> [Work instructions]: Only the text of the records, copied exactly, is wanted; no pictures.

> [Stored records]:
>>>
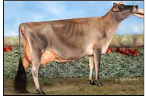
ARETHUSA VERONICAS COMET-ET EX-95 DAM OF LOT 26

• Nom ABA All-American Aged Cow 2013 • Unanimous All-American 5-Yr-Old 2011 • Res ABA All-American 4-Yr-Old 2010 • All-Canadian 4-Yr-Old 2010 • All-Canadian Sr 3-Yr-Old 2009
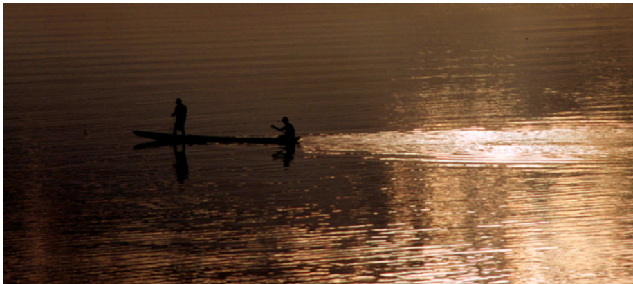
Fishing at sunset on the Mekong River, Vientiane, Laos

The 'seven sins' of dam development are unnecessary; ultimately it is better to avoid them if one is interested in longer-term outcomes and success. It is a matter of applying existing knowledge; good industry and regulatory practices are readily available. WWF calls on governments, banks, and the various industry sectors involved in dams - energy and water utilities, irrigation agencies, contractors, and others - to do their share to avoid the increasingly unacceptable conflicts over dams.
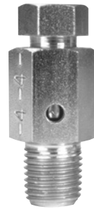
Tapered Pipe Thread

It is easily installed. Please make sure when installing Lenz bleed valve to position the vent opening away from operating personnel. Always open the bleed valve slowly, some weepage will occur when the valve is opened.
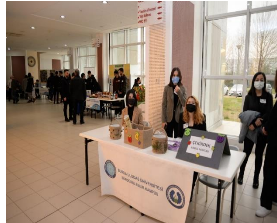
Examples of Events Related to Sustainability: Meet Sustainability Event (Bursa Uludağ University, Turkey)
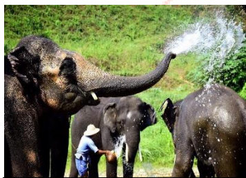
MAE THAENG ELEPHANT
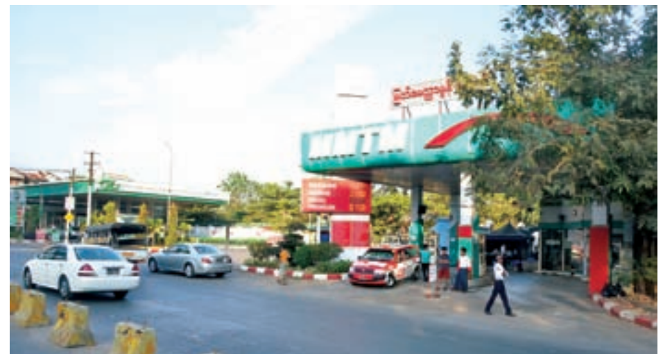
Myat Myitta Mon fuel station in Tamway Township.

Private fuel stations in Yangon reduced about K100 from the daily price
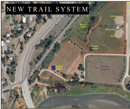
Riverside Park 2021

In January 2019, 9B Trails applied for the Recreational Trails Program (RTP) grant through the Idaho Department of Parks and Recreation. RTP provides funding to develop and maintain non-motorized recreational trails and trail-related facilities.
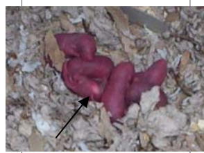
Milk is visible in belly.

When pups are first born, they weigh about as much as a penny. They are blind, deaf, and helpless. They have no fur. All they have to decipher their surroundings is their noses. When they are
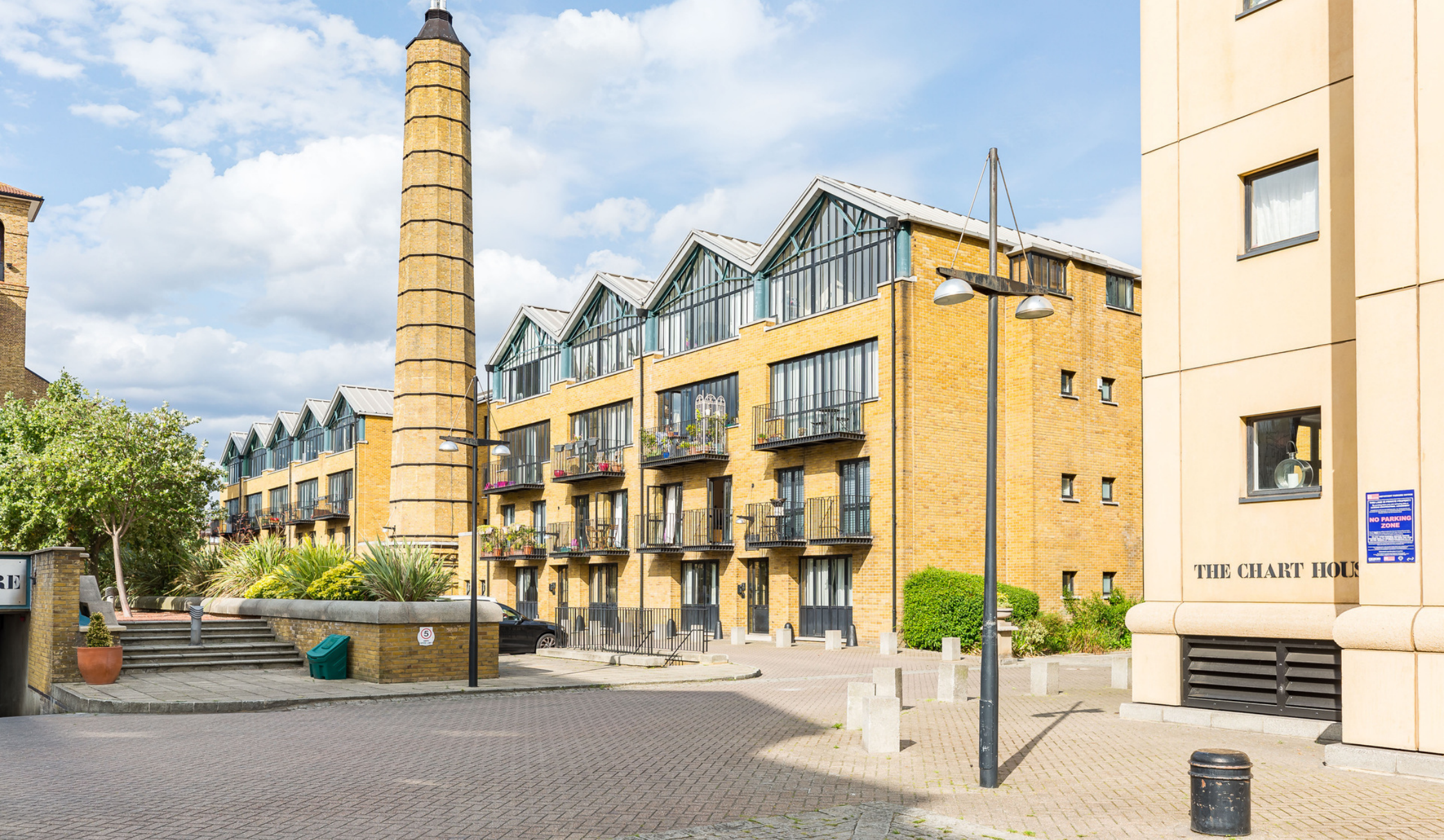
BEACON HOUSE E14 1 bedroom apartment
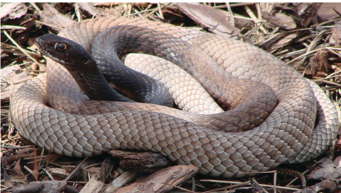
Figure 3. The eastern coachwhip ( Coluber flagellum flagellum ) is similar in appearance to the Florida pinesnake, but has a dark brown-black head and lacks obvious blotches.
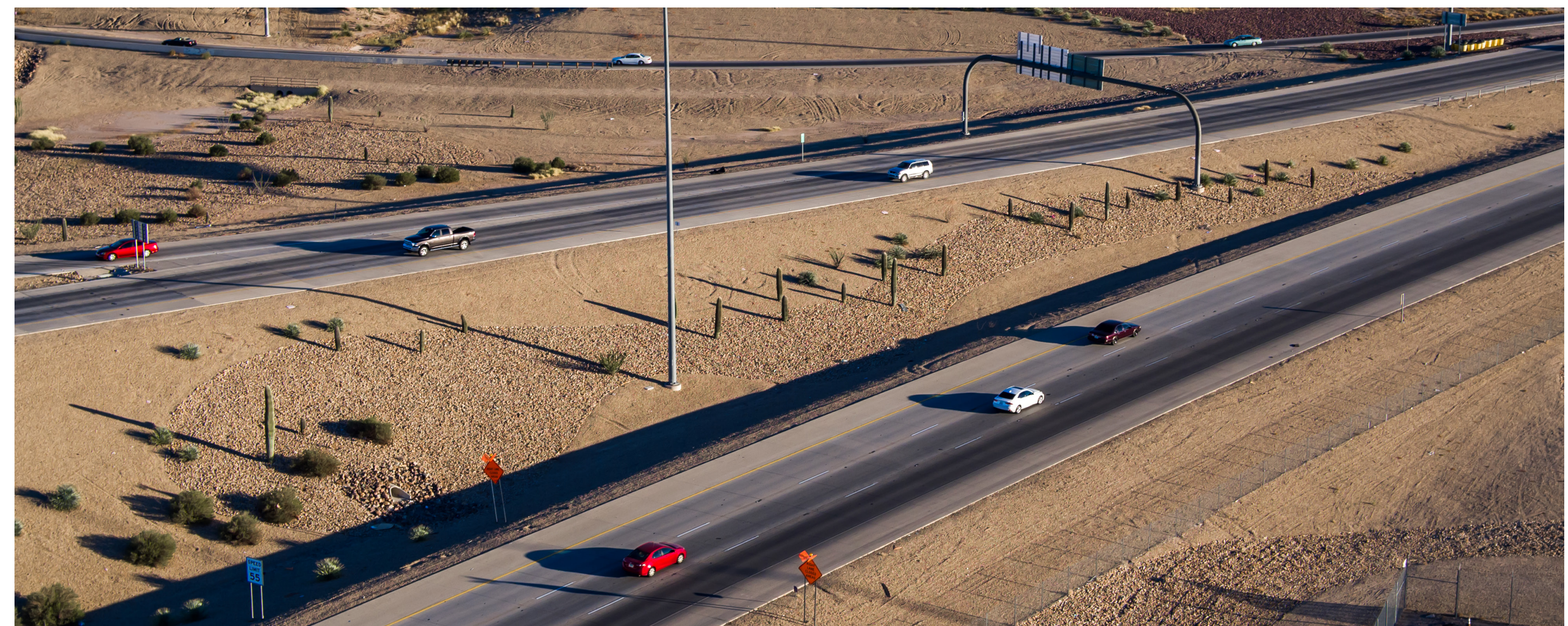
DESERT LANDSCAPING Desert Landscaping (similar to the I-10/I-19 Traffic Interchange) will be included as part of this project.
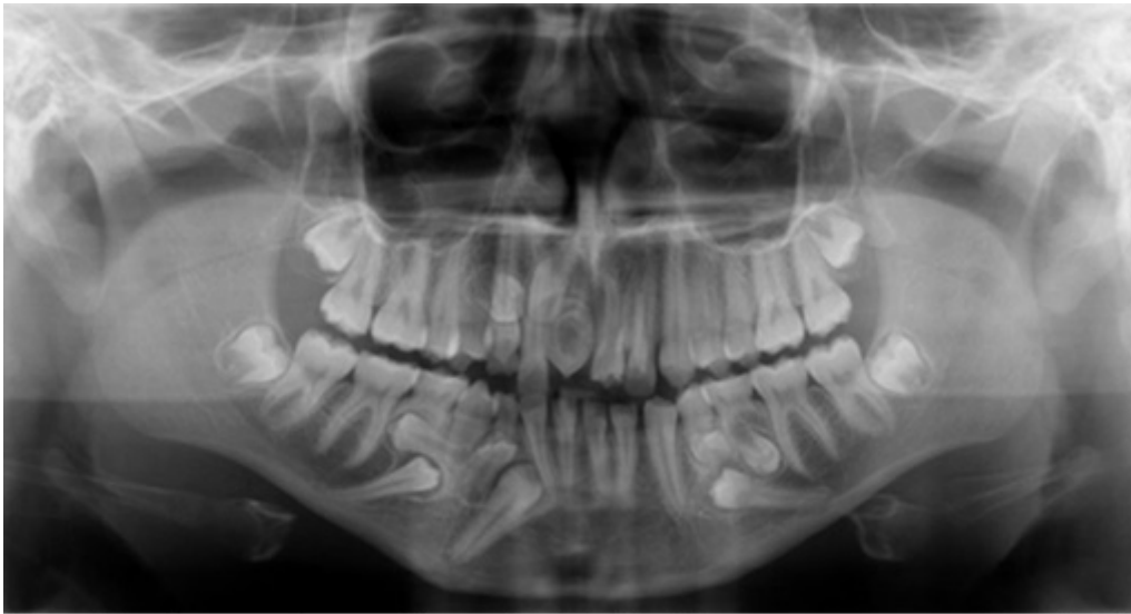
Fig. 1. Panoramic radiograph highlighting supernumerary teeth (yellow), both mesiodens included, and impacted permanent teeth (black). The unusual morphology of the mesiodens located to the right side can.

A 14-year-old white male patient was referred to a private Dental Radiology clinic for radiographic examination in order to evaluate the cause of abnormal tooth eruption in the mandible and anterior region of the maxilla. It was observed, on panoramic radiograph (Fig. 1), the presence of seven supernumerary teeth. Three supernumerary teeth in the maxilla: two mesiodens erupted in the central incisors region, and one unerupted between right canine and first premolar. As well as four unerupted supernumerary in the mandibular premolar area: two on the left side and two on the right side. Root development criteria was used in order to identify the permanent teeth located bilaterally on mandibular premolar area (Fig. 1). The mesiodens erupted on the right side drew attention due to its abnormal morphology, presenting an oval shaped structure with a central radiolucent shadow.
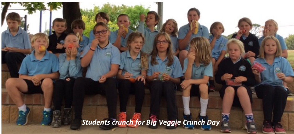
Students crunch for Big Veggie Crunch Day

Our 'Healthy Snack' (as part of the Live Life Well at School program's Crunch & Sip initiative) has become a morning ritual and has been enjoyed by students, providing them with that little bit of extra 'fuel' for the morning Literacy session.
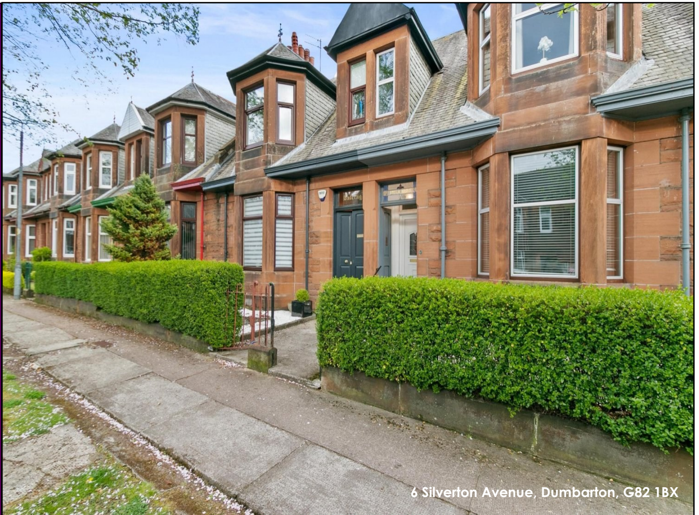
6 Silverton Avenue, Dumbarton, G82 1BX

Located in the favourable Dumbarton East, this 3 bedroom mid terrace villa has a high specification throughout. The property benefits from quality flooring and carpeting, with fresh light décor complimenting the many traditional features of the property. This family home must be seen to fully appreciate the accommodation on offer.
<<<
> [Completed task]:
ARETHUSA VERONICAS COMET-ET EX-95 DAM OF LOT 26

• Nom ABA All-American Aged Cow 2013 • Unanimous All-American 5-Yr-Old 2011 • Res ABA All-American 4-Yr-Old 2010 • All-Canadian 4-Yr-Old 2010 • All-Canadian Sr 3-Yr-Old 2009
Fishing at sunset on the Mekong River, Vientiane, Laos

The 'seven sins' of dam development are unnecessary; ultimately it is better to avoid them if one is interested in longer-term outcomes and success. It is a matter of applying existing knowledge; good industry and regulatory practices are readily available. WWF calls on governments, banks, and the various industry sectors involved in dams - energy and water utilities, irrigation agencies, contractors, and others - to do their share to avoid the increasingly unacceptable conflicts over dams.
Tapered Pipe Thread

It is easily installed. Please make sure when installing Lenz bleed valve to position the vent opening away from operating personnel. Always open the bleed valve slowly, some weepage will occur when the valve is opened.
Examples of Events Related to Sustainability: Meet Sustainability Event (Bursa Uludağ University, Turkey)
MAE THAENG ELEPHANT
Myat Myitta Mon fuel station in Tamway Township.

Private fuel stations in Yangon reduced about K100 from the daily price
Riverside Park 2021

In January 2019, 9B Trails applied for the Recreational Trails Program (RTP) grant through the Idaho Department of Parks and Recreation. RTP provides funding to develop and maintain non-motorized recreational trails and trail-related facilities.
Milk is visible in belly.

When pups are first born, they weigh about as much as a penny. They are blind, deaf, and helpless. They have no fur. All they have to decipher their surroundings is their noses. When they are
BEACON HOUSE E14 1 bedroom apartment
Figure 3. The eastern coachwhip ( Coluber flagellum flagellum ) is similar in appearance to the Florida pinesnake, but has a dark brown-black head and lacks obvious blotches.
DESERT LANDSCAPING Desert Landscaping (similar to the I-10/I-19 Traffic Interchange) will be included as part of this project.
Fig. 1. Panoramic radiograph highlighting supernumerary teeth (yellow), both mesiodens included, and impacted permanent teeth (black). The unusual morphology of the mesiodens located to the right side can.

A 14-year-old white male patient was referred to a private Dental Radiology clinic for radiographic examination in order to evaluate the cause of abnormal tooth eruption in the mandible and anterior region of the maxilla. It was observed, on panoramic radiograph (Fig. 1), the presence of seven supernumerary teeth. Three supernumerary teeth in the maxilla: two mesiodens erupted in the central incisors region, and one unerupted between right canine and first premolar. As well as four unerupted supernumerary in the mandibular premolar area: two on the left side and two on the right side. Root development criteria was used in order to identify the permanent teeth located bilaterally on mandibular premolar area (Fig. 1). The mesiodens erupted on the right side drew attention due to its abnormal morphology, presenting an oval shaped structure with a central radiolucent shadow.
Students crunch for Big Veggie Crunch Day

Our 'Healthy Snack' (as part of the Live Life Well at School program's Crunch & Sip initiative) has become a morning ritual and has been enjoyed by students, providing them with that little bit of extra 'fuel' for the morning Literacy session.
6 Silverton Avenue, Dumbarton, G82 1BX

Located in the favourable Dumbarton East, this 3 bedroom mid terrace villa has a high specification throughout. The property benefits from quality flooring and carpeting, with fresh light décor complimenting the many traditional features of the property. This family home must be seen to fully appreciate the accommodation on offer.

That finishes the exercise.